What Is Active Reading? Engage With and Test Your Ability

When practicing comprehension skills, you may find yourself asking, what is active reading?

What Is Active Reading?

Active reading involves integrating text and visuals (i.e., illustrations) within written texts. It is most effective when there is some level of interactivity between the learner and the text.

Active reading emphasizes the integration of text and visuals and includes the learner in the critical steps of text comprehension. As a result, active reading is well-suited to developing and strengthening comprehension skills.

Active reading is often an integral part of the classroom.

Many textbooks and other reading materials are based heavily on active reading instruction. Students who have learned how to actively read may be able to read the passage once and then answer the questions immediately afterward.

Reading actively is a vital skill. It’s crucial to understand why active reading is important. It may end up being more useful than you thought.

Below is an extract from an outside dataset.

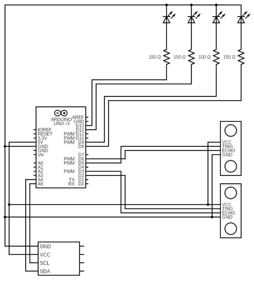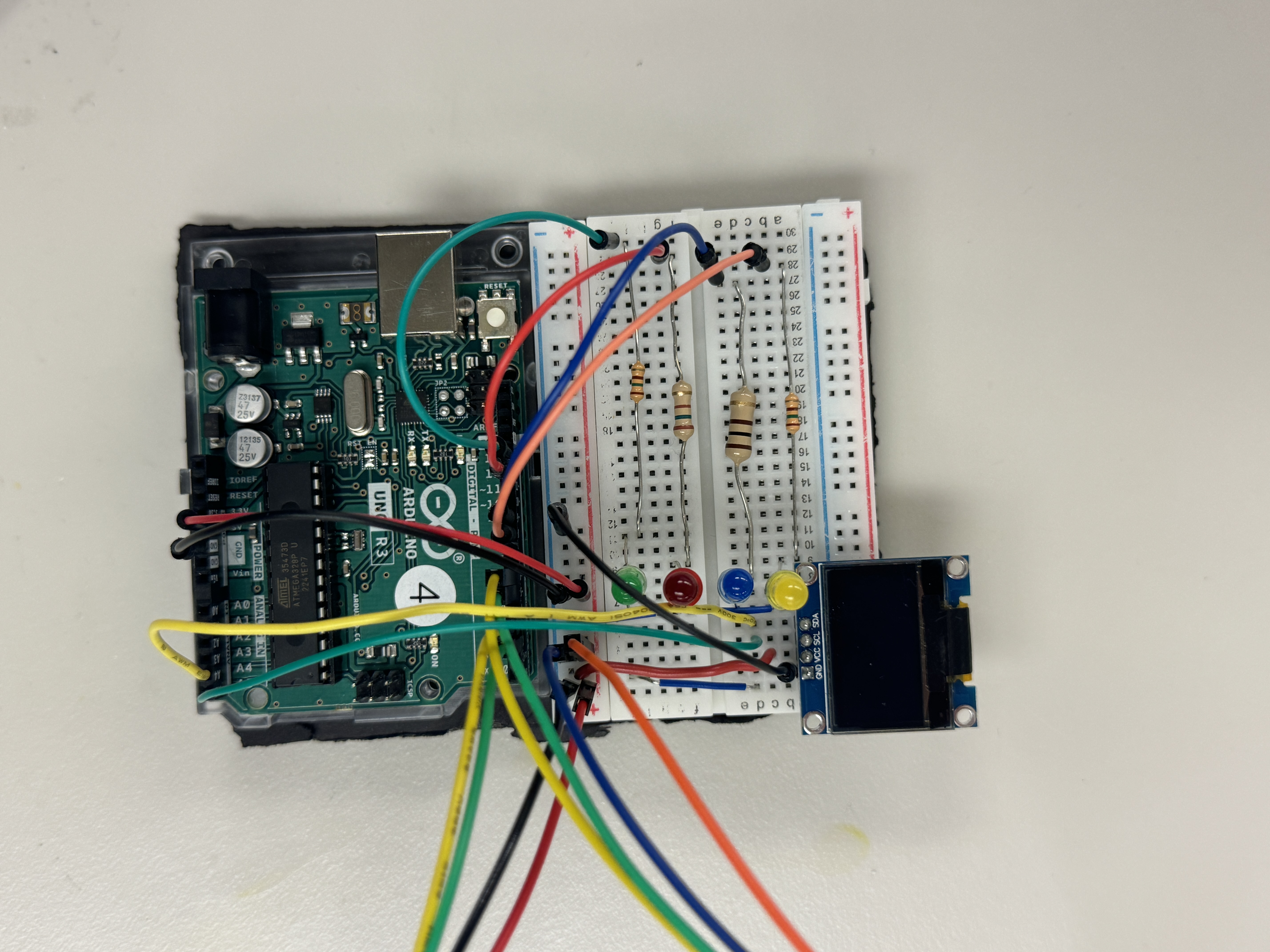 The device is built around an Arduino Uno microcontroller. We used two ultrasonic distance sensors to track head movements. To show the inputs, we added four LEDs and also included an OLED module for a clearer display of the inputs. A diagram and image of the circuit is included below.

Why Is Active Reading Important?

It is important because when you read or interpret text, you are actively gathering knowledge, deepening your understanding, and thinking critically. Active reading occurs when you examine an author’s choice of words and phrases and determine if the text is factual or opinion-based.

This enhances understanding, meaning, and appreciation of the text. It also takes more time than reading and skimming the article.

In a survey of the College Board, only 14% of high school seniors stated that they read whole books. The remaining students used textbooks or other electronic media such as a computer or an iPad. Students who can read and understand the text will be better prepared for college and their careers.

In addition, they will have the ability to use context to determine the meaning of words. They will also be able to read multiple texts with varied opinions and ideas. As you read a story, you will notice that reading involves more than just words.

It is about the author’s tone of voice, paragraphs, and point of view. Reading with good comprehension will teach you how to analyze the information in text and how to evaluate a conclusion.

Woman in the process of reading actively in the 3rd step.
Reading and reflecting photo by Jeffery Erhunse on Unsplash

What Are 3 Steps in Active Reading?

The three steps in active reading are: 1) Pre-reading (skim & scan), 2) Reading (understanding), and 3) Rereading (clarifying). These 3 steps are reading strategies that have given great results!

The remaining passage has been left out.